Work request:
Below are records with pictures. Transcribe exactly, and only, the lines from the line with "Met zijn subtiel" to the line with "उसने पीछे देखा।", both ends included, but not the pictures.

--- Source material ---

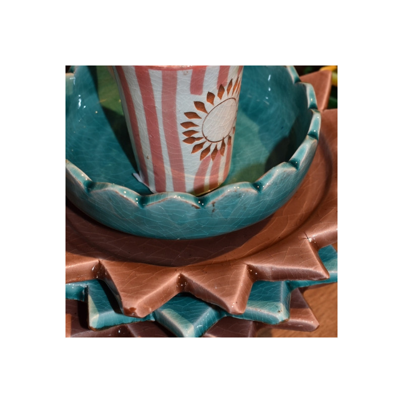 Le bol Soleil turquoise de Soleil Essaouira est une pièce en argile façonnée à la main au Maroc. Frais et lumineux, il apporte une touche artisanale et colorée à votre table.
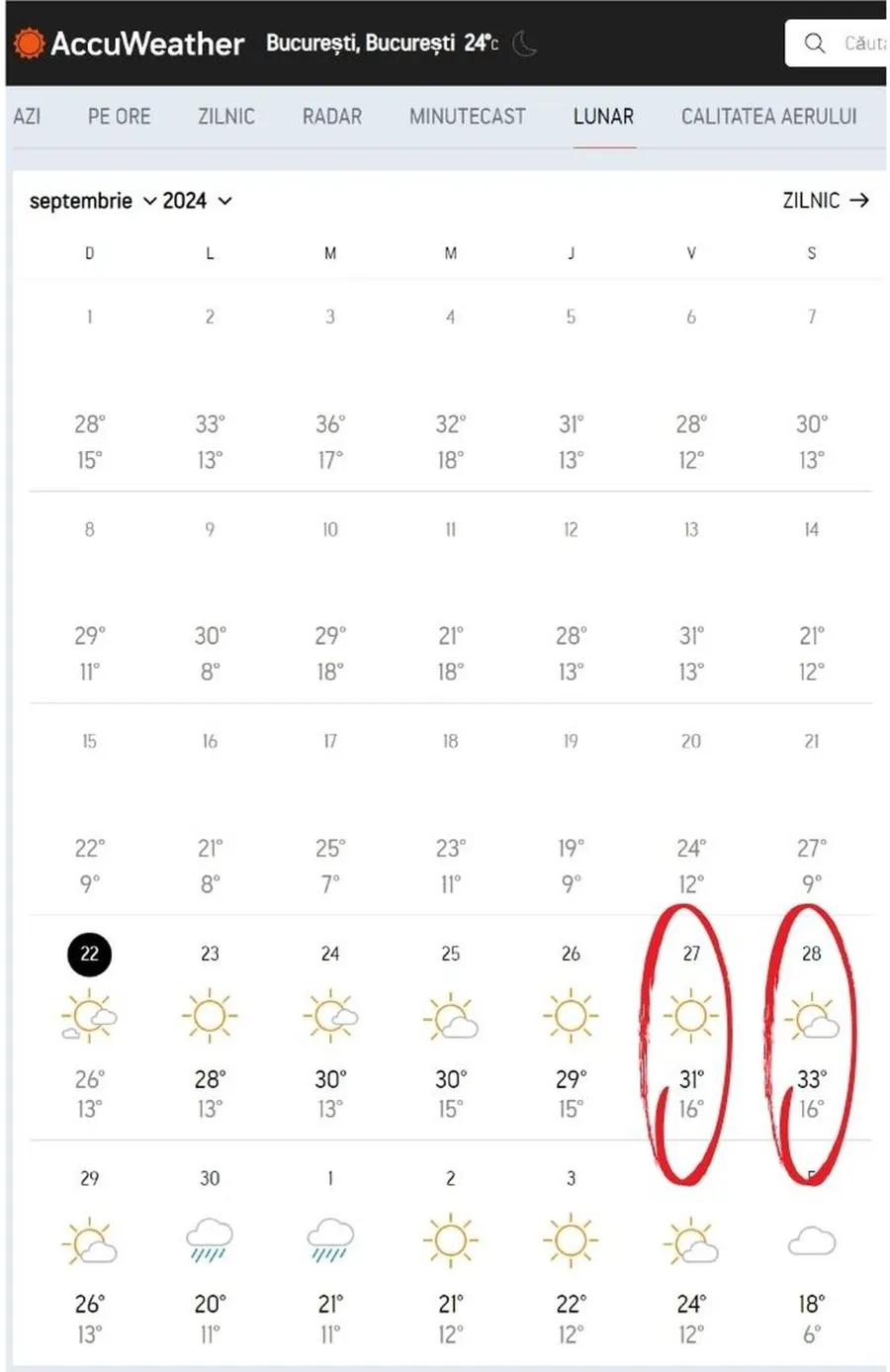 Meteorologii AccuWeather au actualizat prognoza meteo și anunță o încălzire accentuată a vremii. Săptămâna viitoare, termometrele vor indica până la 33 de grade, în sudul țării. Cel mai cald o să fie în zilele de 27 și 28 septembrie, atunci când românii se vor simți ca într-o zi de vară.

---
--- Source material ---

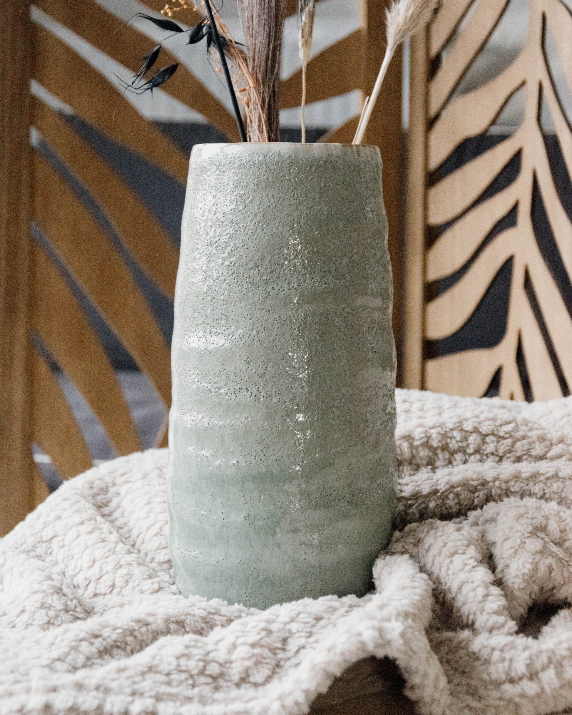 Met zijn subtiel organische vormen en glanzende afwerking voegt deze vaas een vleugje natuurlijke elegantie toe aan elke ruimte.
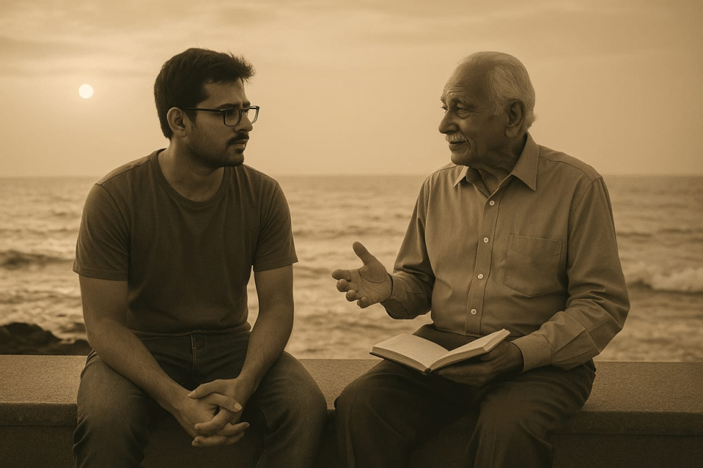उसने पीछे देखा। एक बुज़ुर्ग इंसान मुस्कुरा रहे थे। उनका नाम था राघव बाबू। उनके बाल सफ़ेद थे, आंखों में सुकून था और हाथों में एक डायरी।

---

Task response:
 Met zijn subtiel organische vormen en glanzende afwerking voegt deze vaas een vleugje natuurlijke elegantie toe aan elke ruimte.
उसने पीछे देखा। एक बुज़ुर्ग इंसान मुस्कुरा रहे थे। उनका नाम था राघव बाबू। उनके बाल सफ़ेद थे, आंखों में सुकून था और हाथों में एक डायरी।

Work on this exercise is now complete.